Object B: "Something that is a combination of Julius Caesar's pinky toe and a sour grape that Brutus' just spat out" or

Object C: "All of the molecules involved in a swiming gala that happen to be 17.36 meters from the last drop of water that splashed from the pool".

You have supplied no mechanism that is able to do that, but that mechanism is 90% of the trouble, if learning is what you are about.

Instead, you waved your hands and said "fast unsupervised learning
> then becomes completely trivial" .... this statement is a declaration that a good mechanism is available.

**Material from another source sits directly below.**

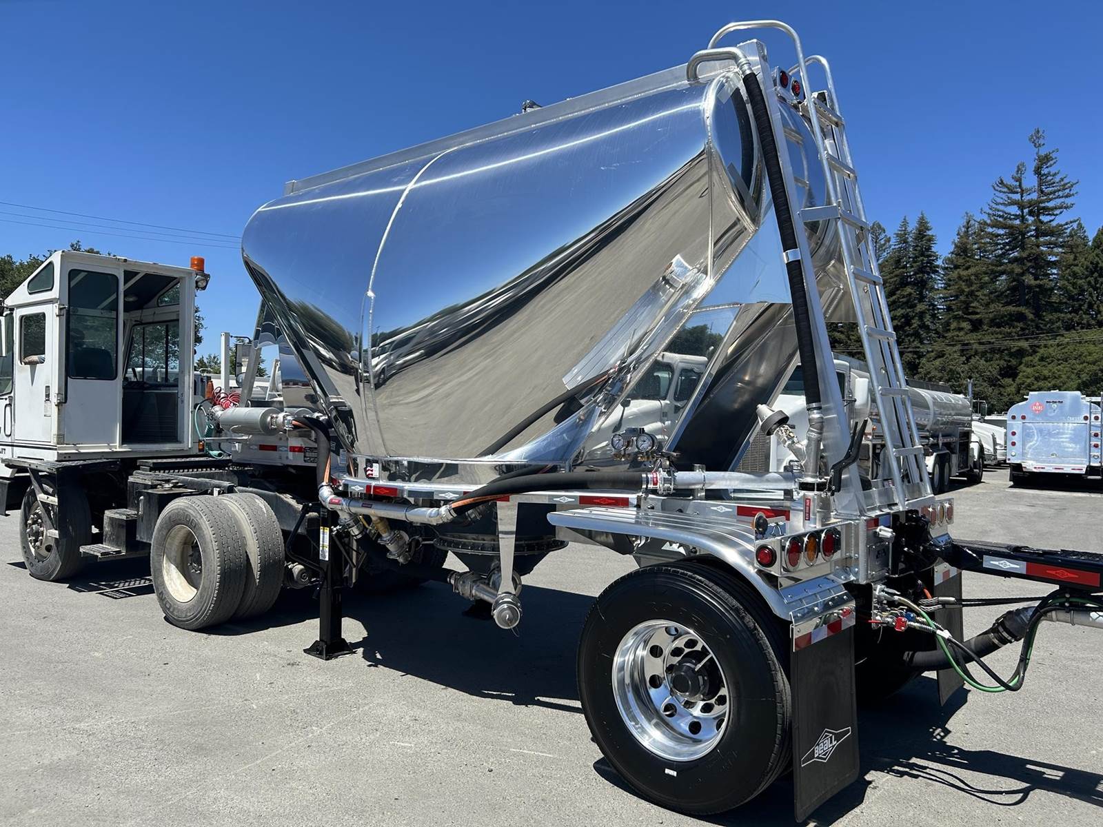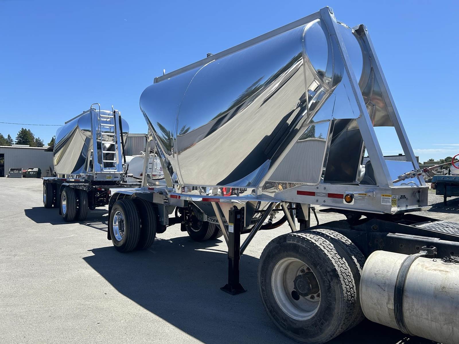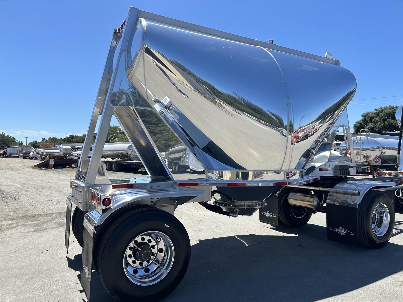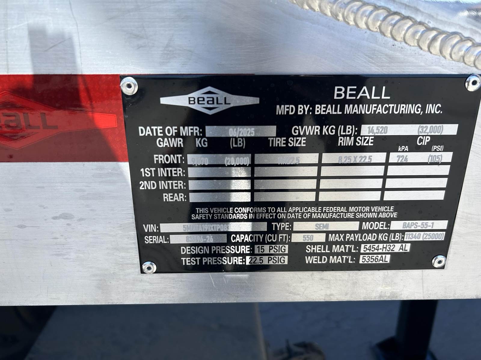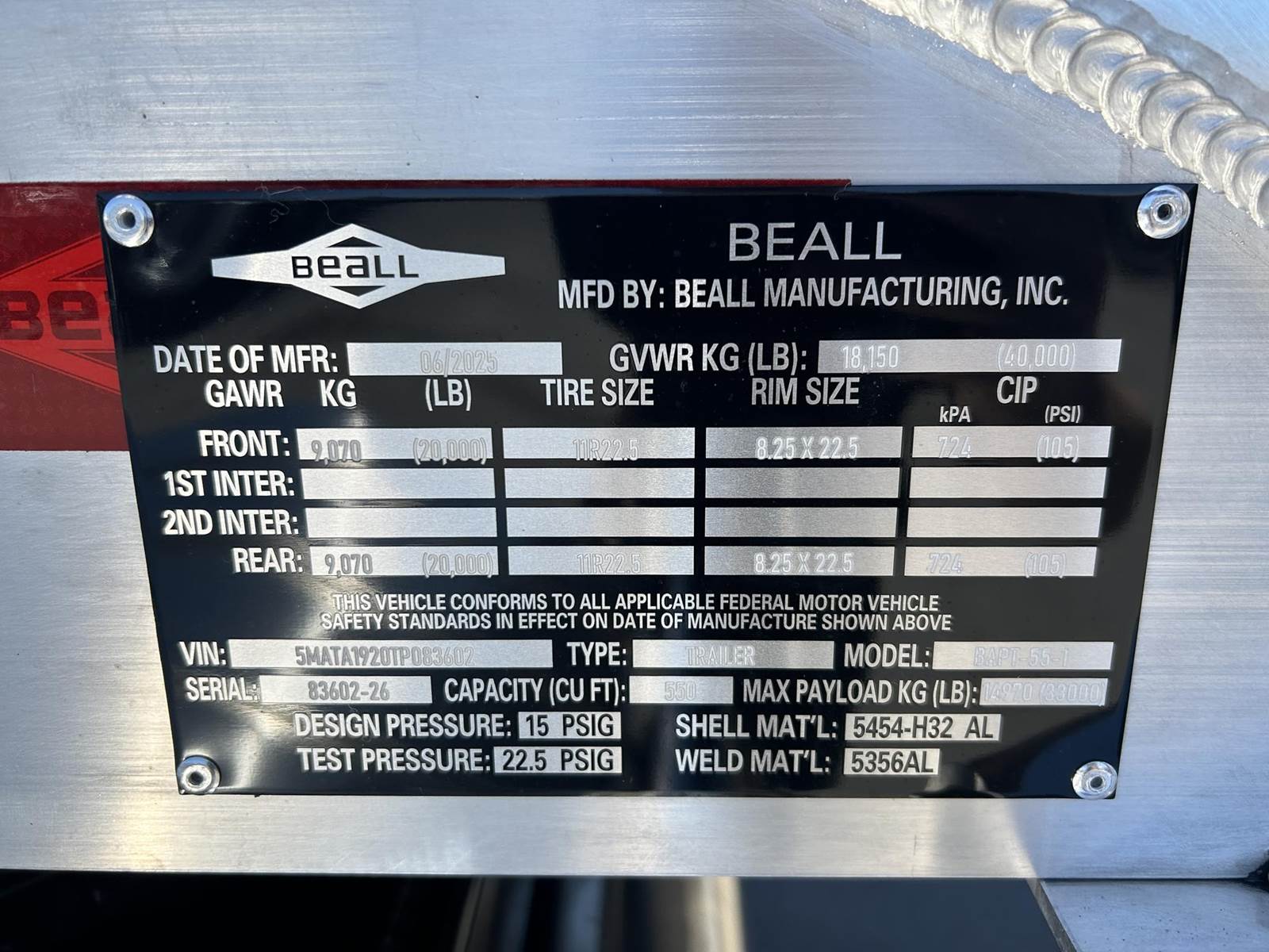 550 cubic feet capacity, all aluminum construction, Beall fabric aeration with 2" ball valve control and (1) 2" check valve (no top air), 5" x 4" aluminum discharge y-branch with 5" butterfly valve, angled 45 degrees to street-side front, Terminate with 4" female coupler and plug, double ball race turn table, (4) ribbed aluminum fenders, (2) Hendrickson Intraax AANT 23,000# RTR assemblies, RoadX 11R22.5 tires on 10 stud hub pilot aluminum wheels, Hendrickson Tiremaax CP inflation system, 2” X 4” X 1/8” rectangular steel tubing with steel mesh walkway, (2) double bushed hinge assemblies, (1) premier shock housing with hardened eye, (1) single step located street-side rear

You then also talk about "like" objects. But the whole concept of "like" is extraordinarily troublesome. Are Julius Caesar and Brutus "like" each other? Seen from our distance, maybe yes, but from the point of view of Julius C., probably not so much. Is a G-type star "like" a mirror? I don't know any stellar astrophysicists who would say so, but then again OF COURSE they are, because they are almost indistinguishable, because if you hold a mirror up in the right way it can reflect the sun and the two visual images can be identical.

These questions can be resolved, sure enough, but it is the whole business of resolving these questions (rather than waving a hand over them and declaring them to be trivial) that is the point.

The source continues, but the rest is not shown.